• _What to do_
Starting at the first line of the data and ending at the line with "MR CARTER., Surgeon", copy each line exactly. Include both of those lines, but no pictures.
━━━ Supplied data
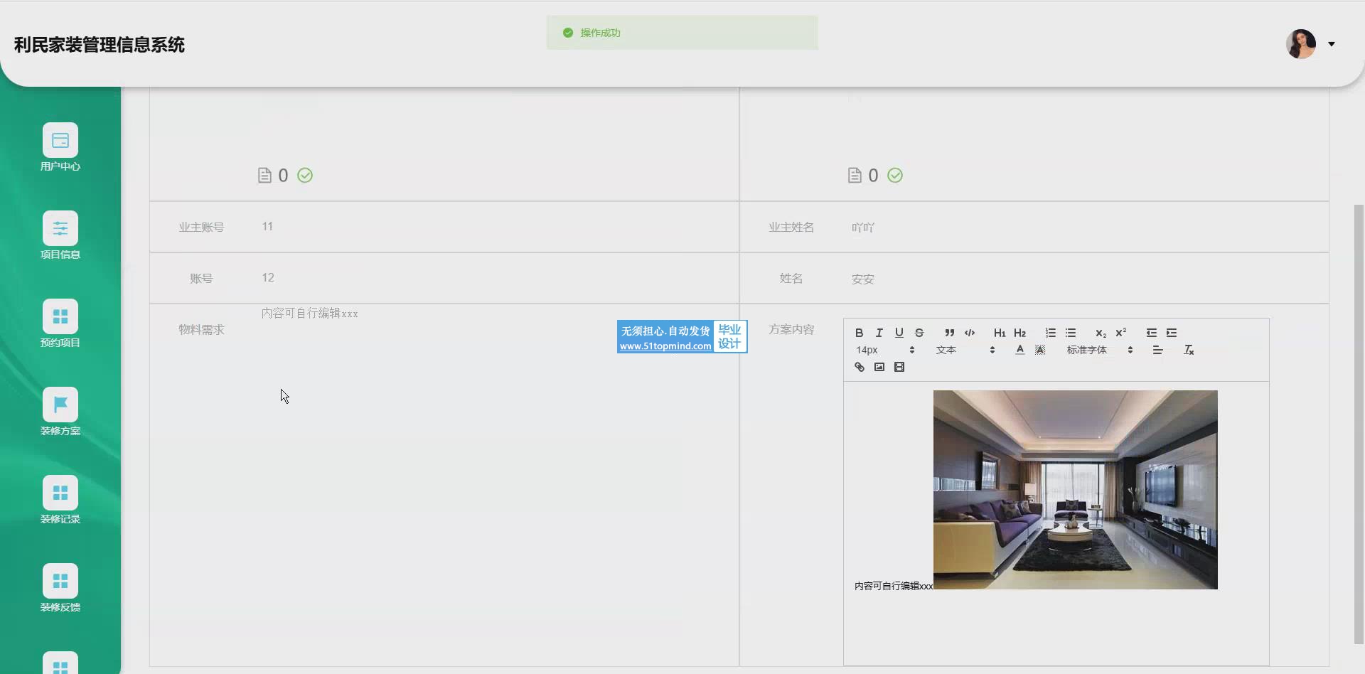 项目管理:系统应提供对家装项目的全面管理功能,包括项目立项、进度安排、施工记录、预算管理、资源调配等。用户可以实时查看项目进展,更新施工状态,协同解决问题。
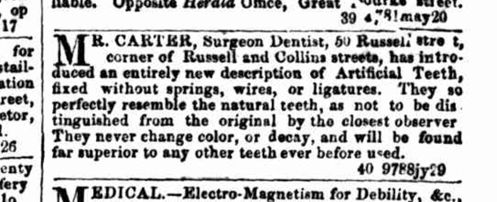 MR CARTER., Surgeon Dentist, 50 Russell steet, corner of Russell and Collins streets
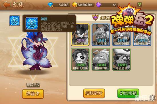 进入幻化界面,会看到所谓的幻化是指人物可以使用幻化皮肤卡,变成皮肤所代表的形象,并且赋予幻化形象的被动技能和属性。幻化的属性又叫做幻化力,随着幻化皮肤等级的提高而提高。幻化皮肤的形象可以覆盖时装、坐骑的装饰效果,只要拥有了相应的皮肤卡就可以做到七十二变,想变就变!
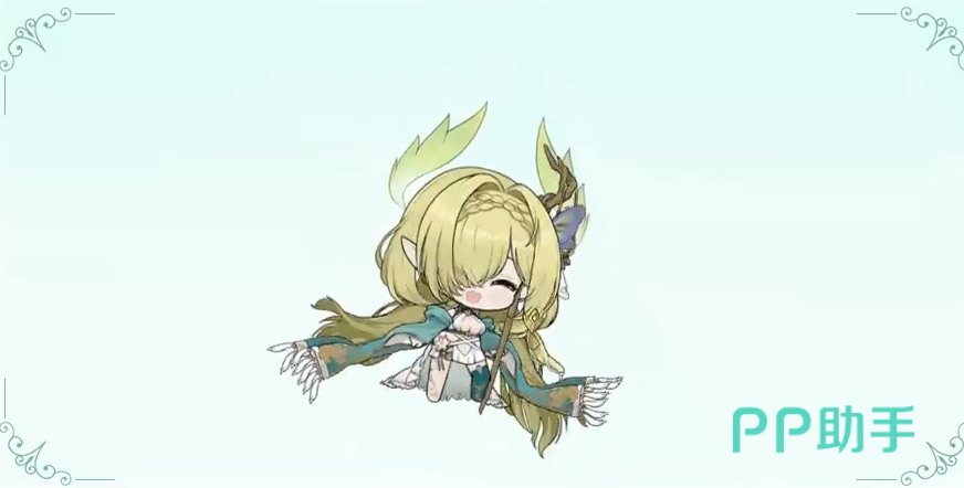 立绘的整体风格是偏自然魔法系的治愈型少女,融合了中世纪精灵或德鲁伊的形象,手持一根像是法杖的藤蔓装饰物,上面挂着一个灯笼。淡绿色的长发,带有自然气息,点缀着蝴蝶发饰与花朵。整体服饰是开放式的仪式感礼裙,绿色与白色是主色调,边缘有金色花纹装饰,呼应自然与生命的主题。
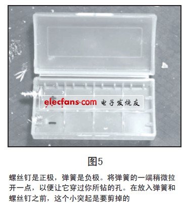 5. 用钳子把一根弹簧的一端拉开一点,从电池盒内部插进第三个孔,旋转大约一圈半,用同样的方法把另一根弹簧插进最后的那个孔(见图4,图5)。
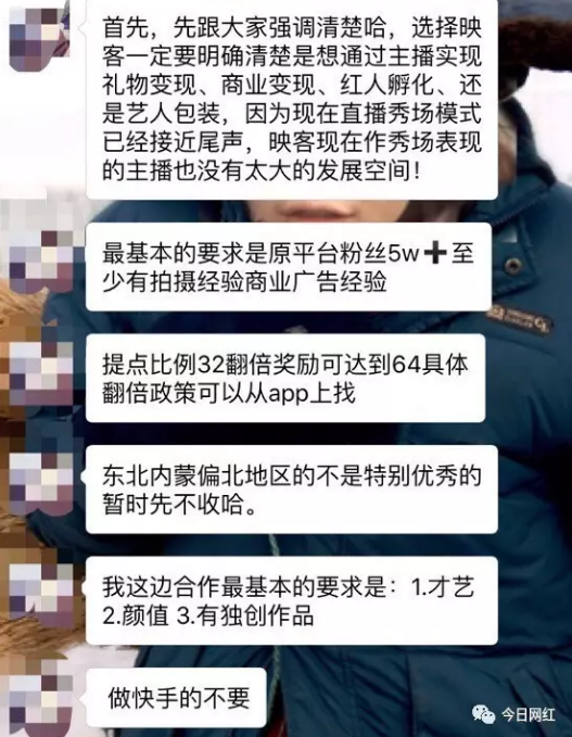 映客于2015年迅速崛起,“全民直播”影响巨大,人人都可以当主播,给映客带来了海量的新增人群。 “坚持全民直播,不与主播或公会签约!”强势的口号依旧荡气回肠。 然而就在映客卖给宣亚国际前夕,小红看到多个招募公会入驻映客平台的招募令,更有趣的是,信息发布者透露:这已经不是公会第一次入驻平台…… 最终映客选择了妥协,全民直播已成概念,公会作用真的不可替代? 近百家公会集结入驻 “映客要入驻的公会联系我,不是国际版是大陆版的映客!” 5月7日,自称负责映客公会招募的阿斌(化名)在朋友圈贴出这样一则消息。随后他贴出一个“映客入驻”群聊邀请二维码,各路公会负责人小象优品纷纷闻讯而来。 所谓公会,就是主播经纪公司。公会与平台,并不是新鲜组合,绝大部分平台都有公会入驻,形成主播、公会、平台的三级管理体制。 但对标榜“全民直播”的映客,至始至终号称“不签约任何主播、公会”,这是开了先河。因此小红第一反应是,难道谁打着旗号在江湖招摇撞骗? 小红首先找到映客相关负责人询问招募公会的事情。正如阿斌所说,映客不会对外宣传招募公会事宜。得到的答案自然是:不知情。 虽然映客官方没有证实,但阿斌的回答很肯定:“我不是映客官方的人,但没有我搭桥你们(公会)也入驻不了。”同时他也提到:“我只是作为中间人引荐有实力的公会给平台,你们的合作、签约都是和映客官方的。” 随后,阿斌就公会入驻的相关事宜大致讲解了一下: 大致意思有几点: 1.公会招募为私下进行,不通过官方渠道 2.公会入驻映客只能通过该中间人,再进入官方审核渠道 3.公会入驻之后与映客官方采取对公结算 4.公会入驻之后主播和散播主播待遇无二 5月10日,中间人阿斌一改当初“不需要任何入驻需求”的口吻,改而发布了一则入驻要求公告: 小红注意到,阿斌公告中提到“商业变现”、“红人孵化”、“艺人包装”等字眼。除此之外,“红人有拍摄商业广告经验”、“才艺好、颜值佳、有独创作品”的优先,似乎又不像是招募公会、限制主播,更像是在招募艺人。 有趣的是,在阿斌的要求中还有“快手的不要”、“东北的不要”,当问及原因时,他给出的回答是:那些人只适合在快手、YY发展,不适合映客。 小红瞬间秒懂,直播行业这深深的鄙视链条。 “全民直播”难再续 细读阿斌的招募公告,不难看出,公会入驻与否,影响的只是主播的结算方式。公告表明:入驻的公会可以控制主播礼物的提现,也就是采取对公结算。 某公会的刘sir对此表示:“公会比较偏向对公结算的平台,毕竟这种方式主播和公会的相互利益联系更为紧密。”刘sir进一步解释说,这不排除映客是在间接允许平台上团队运营的可能性。说白话就是,公会可以给主播刷榜了。 这么以来,其他看似与普通散播主播无差别待遇的条件就显得尤为重要了。 首先是映票翻倍,招募中间人阿斌给大家举了个例子说明:按照映客官方分成比例,主播(公会)提现比例为32%,但是官方每个月会给任务,完成任务过了翻倍到64 %。 “表面上,这与平台上其他散户的待遇无二,但公会在这里能做的文章可不是做任务这么简单。”刘sir表示,如果可以翻倍,64%比起很多平台的分成比例算高的了,如果每个月都能完成任务,那在映客运营主播可能是更好的选择。 的确如此,与对公结算的平台相比,陌陌剔除平台后主播占40%,一直播剔除平台后主播占30%,映客翻倍的64%确实能减少一定的主播运营成本。 与刘sir的乐观不同,另一位公会负责人Timi并不看好入驻映客的事。“公会在映客快手作品推广上的生存空间不大,一方面这个平台的主播变现能力普遍较差,用户粘性很弱;另一方面,公会分成实际上并不高。”Timi曾入驻过映客,但运营效果并不理想。 另一方面,从招募公告中对主播的要求来看,不由得让人猜测,公会入驻映客是否和平台造星有关。小红就此猜测咨询了业内人士。 其中,某秀场类直播平台的运营总监Xue向小红表示:“映客签约公会私下找代理(而不公开),为的就是一个‘全民直播’的牌子。造星更不可能。我个人认为,此次批量签约公会,应该是想要有规模引进优秀主播,提升整个平台的质量。” 他补充解释说:“大量引进的优质主播,也是为了缓冲现在映客几个头牌阵营的矛盾冲突,防止一家独大。” 他举了个例子,最近映客官方举办的“樱花女神大赛”,明显划分出冉大人阵营和二姐Alice阵营,从平台方来讲,双方出现竞争是好事,但这种制衡很容易被打破。 “甚至当映客流量都集中到某个阵营中去的时候,对平台的生态负面影响很大。”但在和公会合作之后,还会有下一个冉大人、二姐诞生。在Xue看来,这其实最基本平台运营策略,映客不会现在才明白。“只是现在被逼到悬崖边上,不得不做局部妥协。” 公会作用难替代? 公会行业自有其问题之处,但公会能在秀场里盛行不衰,映客的妥协,也让我们不由得再度审视其作用与功能。 此前,映客坚持不与主播签约,做素人直播。此前映客CEO奉佑生在一日客服的直播中表示:“做网络直播要克制欲望。” 映客2017年将继续以“用户为先”在他的规划里,映客号会像微博、微信公众号一样,成为每个人必备的交流工具,“人们在上面展示生活和才艺,表达自己思想和观点。” 但是,“用户为先”说起来很容易、做起来很难。首当其冲的就是庞大用户群的高
━━━━━━
• _Answer below_
 项目管理:系统应提供对家装项目的全面管理功能,包括项目立项、进度安排、施工记录、预算管理、资源调配等。用户可以实时查看项目进展,更新施工状态,协同解决问题。
 MR CARTER., Surgeon Dentist, 50 Russell steet, corner of Russell and Collins streets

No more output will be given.